## Problem to work on
Return, without pictures, the lines from the start of the data through the one that contains "Buy More, cesur".

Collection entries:
^^^^^^^^

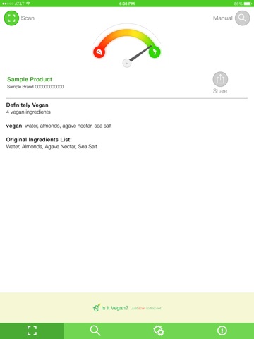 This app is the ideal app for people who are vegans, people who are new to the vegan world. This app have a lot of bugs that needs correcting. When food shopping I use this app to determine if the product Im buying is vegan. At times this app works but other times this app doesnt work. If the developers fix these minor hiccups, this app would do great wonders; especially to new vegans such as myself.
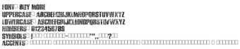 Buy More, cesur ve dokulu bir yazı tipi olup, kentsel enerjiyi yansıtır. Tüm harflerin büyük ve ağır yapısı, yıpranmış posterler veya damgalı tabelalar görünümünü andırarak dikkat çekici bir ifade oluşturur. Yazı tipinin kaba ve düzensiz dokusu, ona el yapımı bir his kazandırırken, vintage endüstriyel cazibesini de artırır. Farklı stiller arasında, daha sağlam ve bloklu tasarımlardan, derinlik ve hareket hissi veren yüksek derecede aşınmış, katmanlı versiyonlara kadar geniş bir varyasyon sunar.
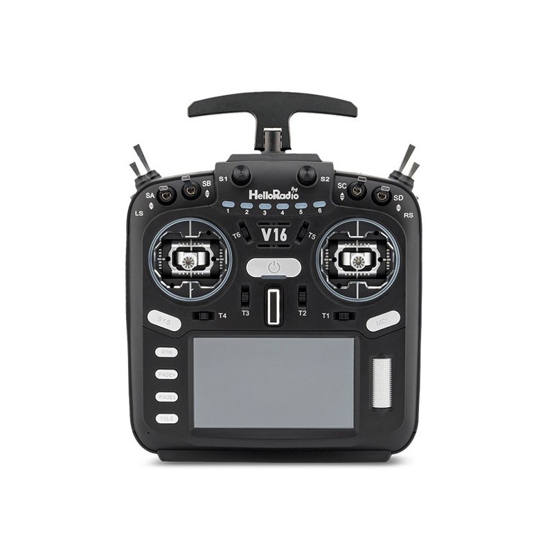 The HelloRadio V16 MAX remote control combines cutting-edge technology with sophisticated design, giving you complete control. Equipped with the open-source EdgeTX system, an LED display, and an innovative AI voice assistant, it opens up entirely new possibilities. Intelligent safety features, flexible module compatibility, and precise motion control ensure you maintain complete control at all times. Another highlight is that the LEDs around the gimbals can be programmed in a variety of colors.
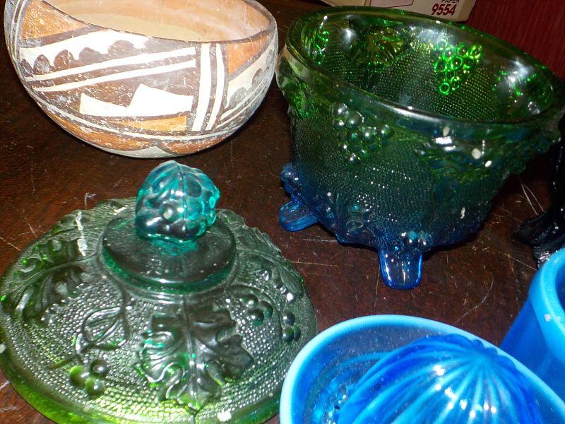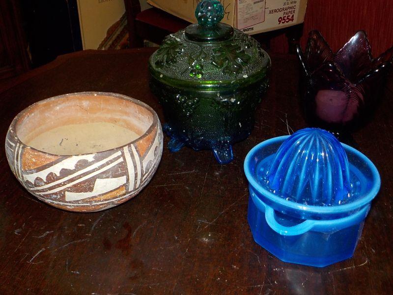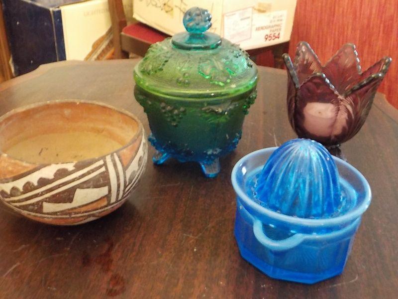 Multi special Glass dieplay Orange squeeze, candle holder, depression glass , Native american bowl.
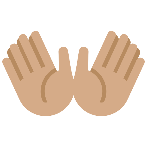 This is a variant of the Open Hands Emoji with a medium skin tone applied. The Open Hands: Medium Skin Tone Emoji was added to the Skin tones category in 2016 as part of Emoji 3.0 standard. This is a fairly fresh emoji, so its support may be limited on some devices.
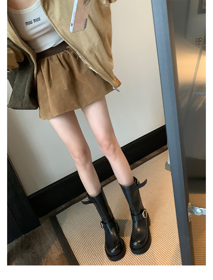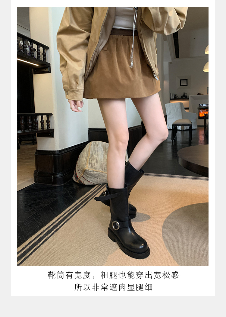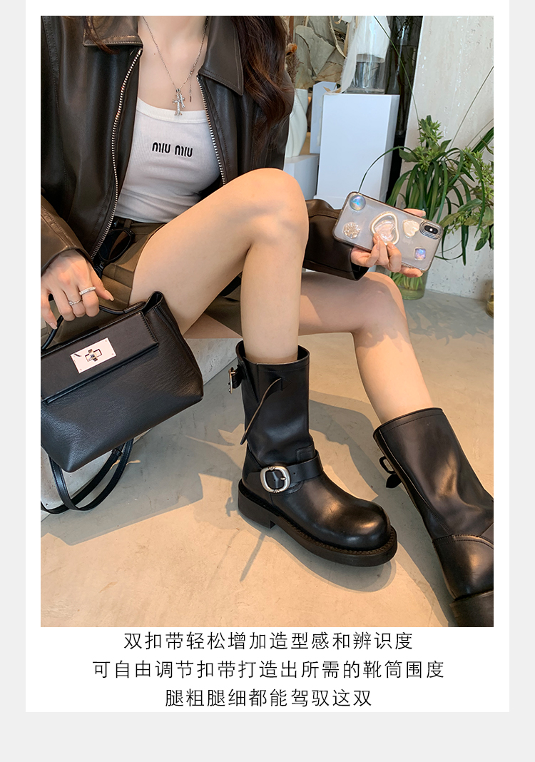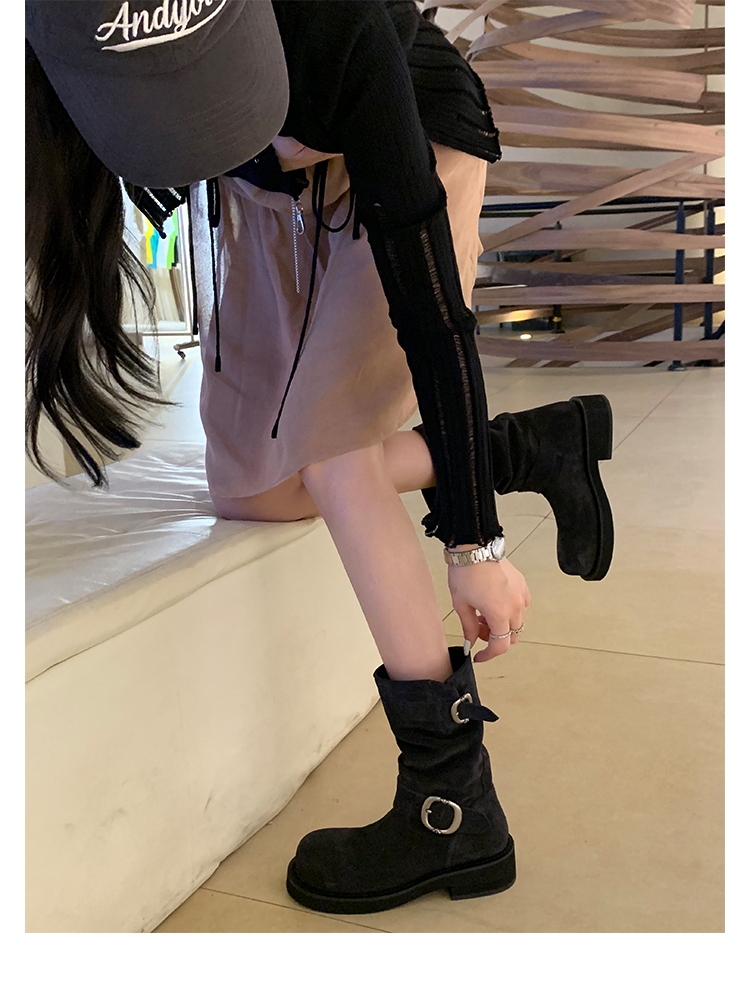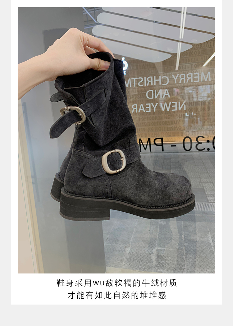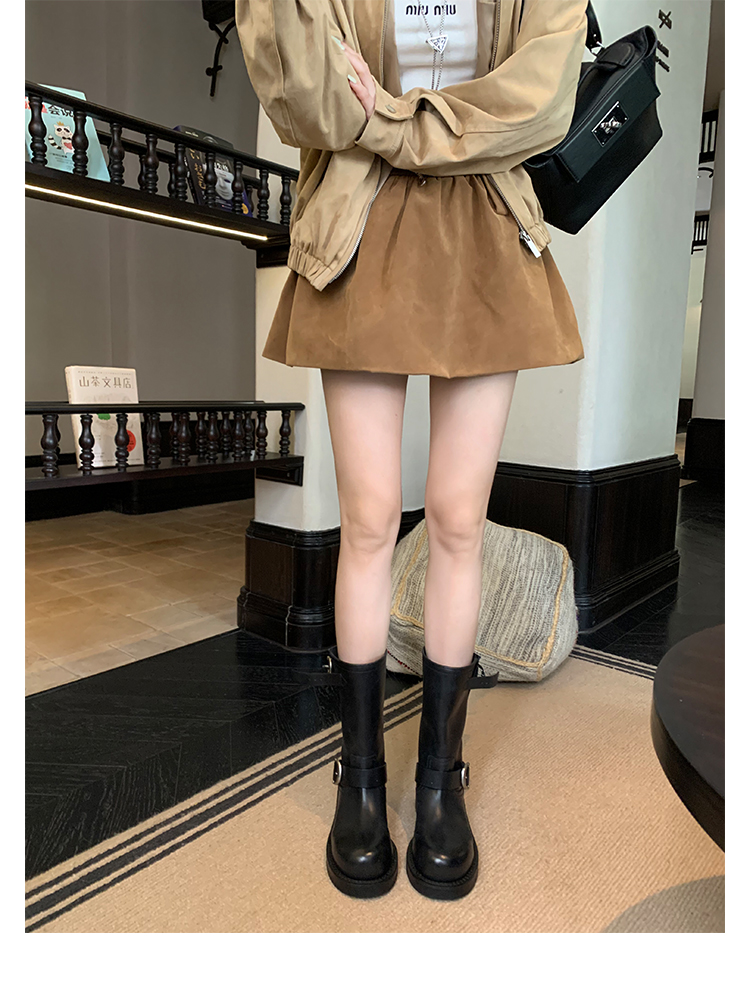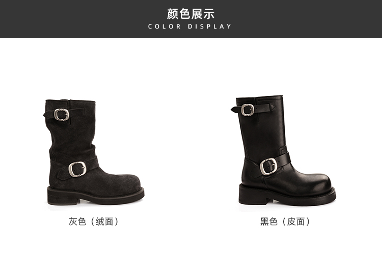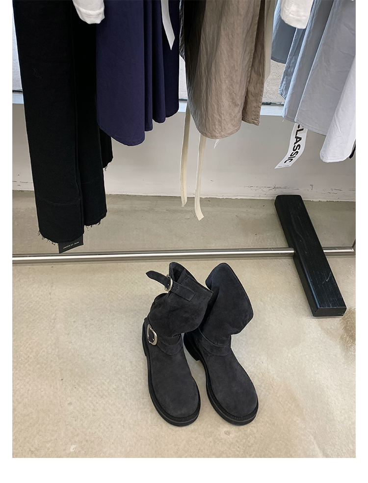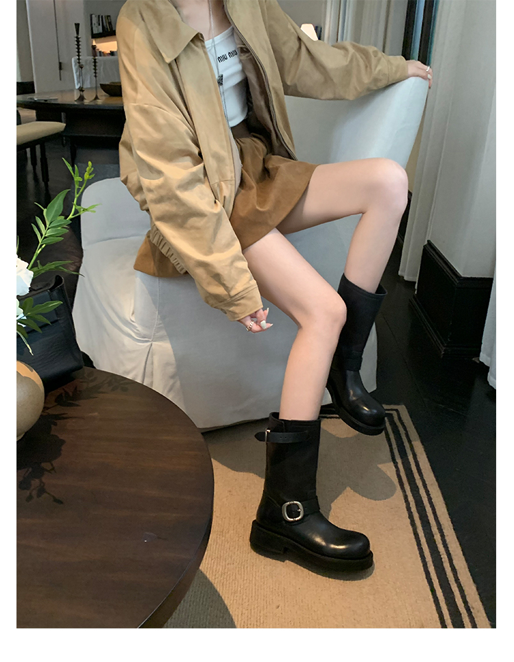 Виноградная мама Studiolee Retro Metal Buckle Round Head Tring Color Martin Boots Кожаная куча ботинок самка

^^^^^^^^

## Result of this exercise
 This app is the ideal app for people who are vegans, people who are new to the vegan world. This app have a lot of bugs that needs correcting. When food shopping I use this app to determine if the product Im buying is vegan. At times this app works but other times this app doesnt work. If the developers fix these minor hiccups, this app would do great wonders; especially to new vegans such as myself.
 Buy More, cesur ve dokulu bir yazı tipi olup, kentsel enerjiyi yansıtır. Tüm harflerin büyük ve ağır yapısı, yıpranmış posterler veya damgalı tabelalar görünümünü andırarak dikkat çekici bir ifade oluşturur. Yazı tipinin kaba ve düzensiz dokusu, ona el yapımı bir his kazandırırken, vintage endüstriyel cazibesini de artırır. Farklı stiller arasında, daha sağlam ve bloklu tasarımlardan, derinlik ve hareket hissi veren yüksek derecede aşınmış, katmanlı versiyonlara kadar geniş bir varyasyon sunar.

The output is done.